Yukarıdaki açıklamalar çerçevesinde, kamu düzenine ilişkin kesin yetkinin söz konusu olmadığı eldeki davada, davalılardan … Enerji Teknolojileri Sanayi Tic. Ltd. Şti. Vekili tarafından süresinde verilen cevap dilekçesinde, davalı şirketin merkezinin … …da bulunduğunu beyanla, … … Mahkemelerinin yetkili olduğundan bahisle yetki itirazında bulunulmuş ise de Mahkemece, davalı şirketlerin adreslerinin … ve … olmasından dolayı, … İş Mahkemesi veya … İş Mahkemesinin yetkili olduğu belirterek, davanın yetki yönünden reddine, dava dosyasının yetkili … İş Mahkemesi veya … İş Mahkemesine gönderilmesine karar verilmiş olması, hatalıdır.
6100 sayılı HMK’nın 19/2. maddesine göre davalı tarafından yetki itirazında bulunulurken yetkili mahkemenin … … mahkemeleri olduğu belirtilmekle, mahkemece yetkisizlik kararı verildiğinde, yetkili mahkemenin davalının tercih ettiği … … mahkemeleri olarak tespiti gerekmekte olup, … İş Mahkemesi veya … İş Mahkemesinin yetkili olduğuna dair karar verilmesi usul ve yasaya aykırı olup bozma nedenidir.
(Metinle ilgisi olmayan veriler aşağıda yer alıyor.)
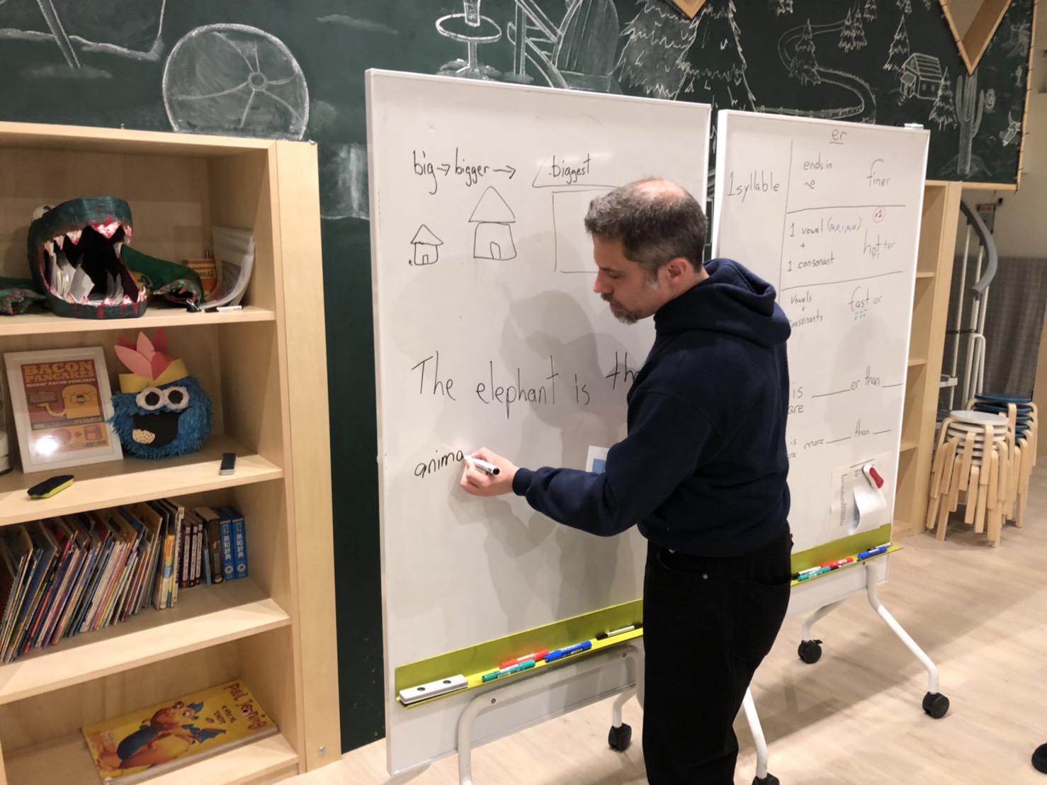 ナイトコースは、比較級の練習。母音、子音のルールを知って比較級になるとどういう言葉になるのか?勉強しました。 その後は実際にセンテンスを使ってみて練習です!

Mahkemece, açıklanan maddi ve hukuki ilkeler gözetilmeksizin eksik araştırma ve yanılgılı değerlendirme ile yazılı şekilde yetkisizlik kararı verilmiş olması, usul ve yasaya aykırı olup, bozma nedenidir.
O hâlde, davacı Kurum vekilinin bu yönleri amaçlayan temyiz itirazları kabul edilmeli ve karar bozulmalıdır.
SONUÇ : Temyiz edilen hükmün yukarıda açıklanan nedenlerle BOZULMASINA, 04.06.2018 gününde oybirliğiyle karar verildi.